Direktur Tindak Pidana Umum (Dirtipidum) Bareskrim Polri, Brigjen Djuhandani Rahardjo Puro, menyebut hal itu diketahui setelah pihaknya merampungkan identifikasi. Hasil identifikasi diketahui 12 senjata di rumah SYL memiliki izin yang sah.

“Dari hasil penyelidikan kita mendapatkan sementara senjata-senjata yang ada di tempat saudara SYL, menurut dari Baintel itu terdaftar, ada suratnya,” jelas Djuhandani.

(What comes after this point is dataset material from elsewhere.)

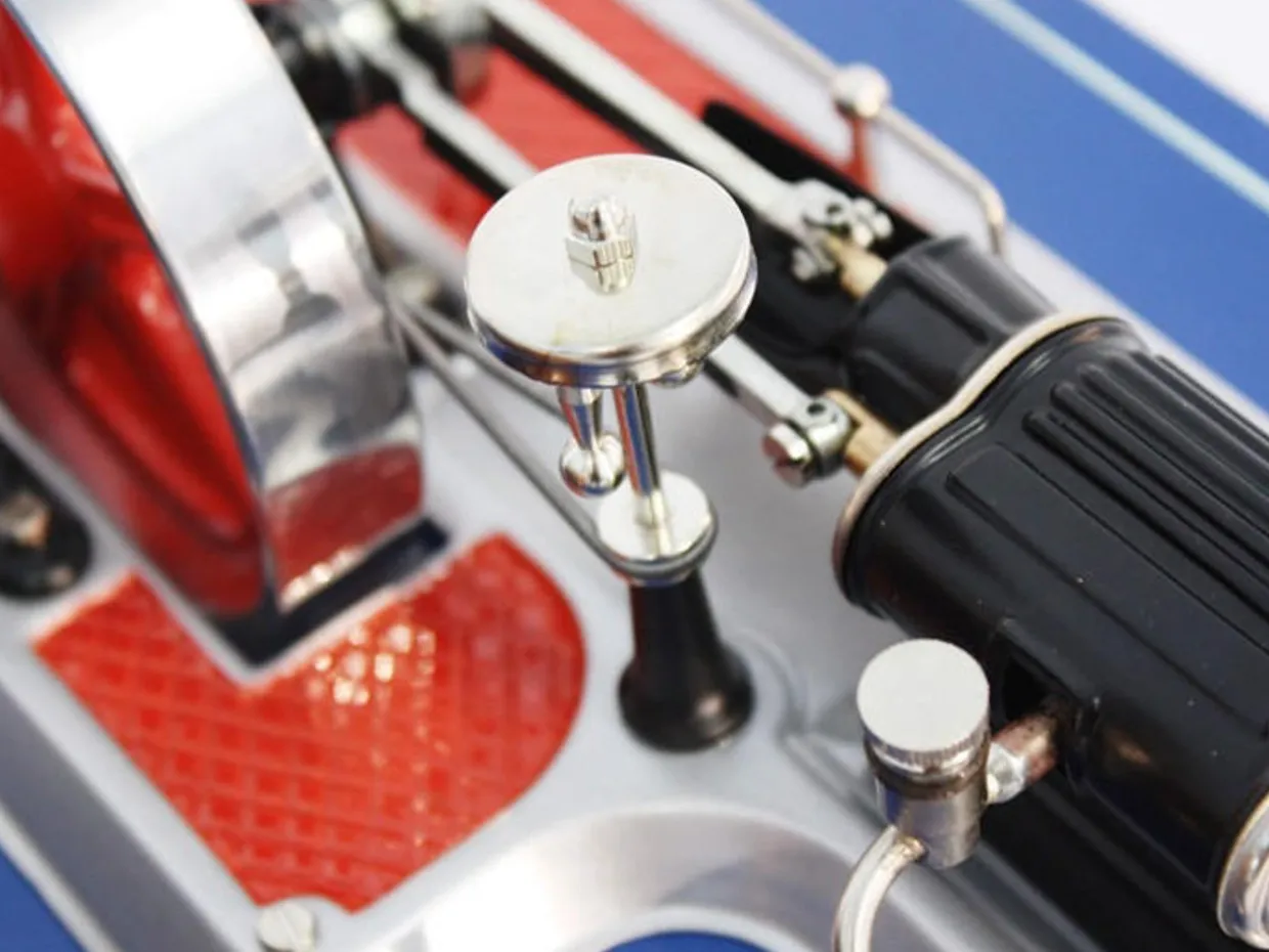 The Wilesco D20 Steam Engine has a mirror polished and nickel plated boiler, with a diameter of 2.6″, length 6.5″, boiler capacity 30.5 in, with water gauge glass, water drain cock.
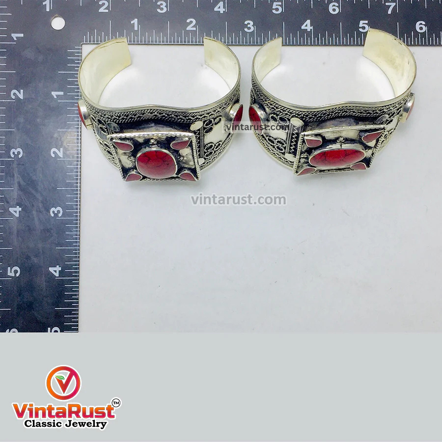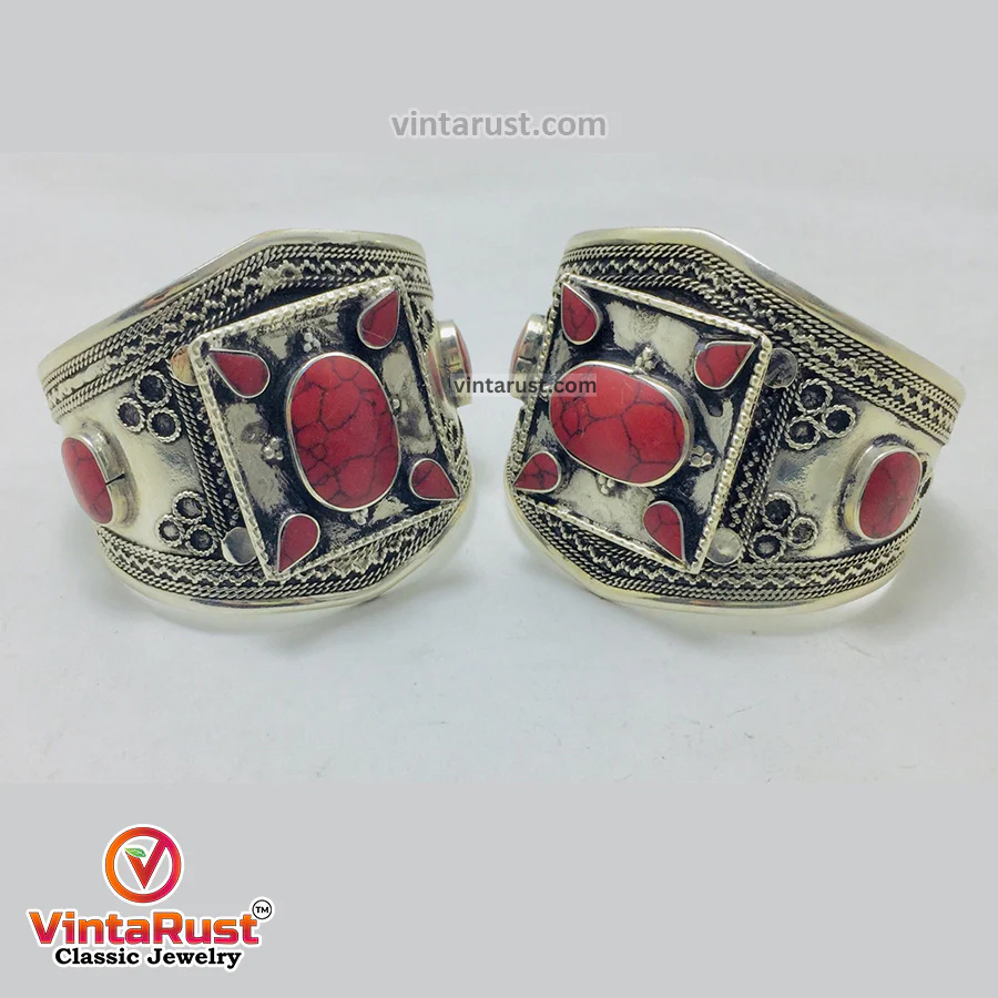 These beautiful Afghan tribal cuffs with enameled coral stones are handcrafted by our talented craftsmen of South Asia. One oval-shaped semiprecious stone is placed in the middle of the cuff and four teardrop coral semi-precious stones on each side as well as smaller stones on each end of this cuff are also placed.

Djuhandani memastikan semua senjata terdaftar atas nama SYL. Walau ada beberapa senjata merupakan hibah, tapi bukti hibah ada. Dia mengaku, masih menunggu tindak lanjut dari KPK untuk memproses belasan senjata itu.

“Kami masih menunggu lebih lanjut karena senjata-senjata tersebut masih dalam penguasaan dari KPK, hanya prosesnya masih dititipkan (di Bareskrim),” jelasnya.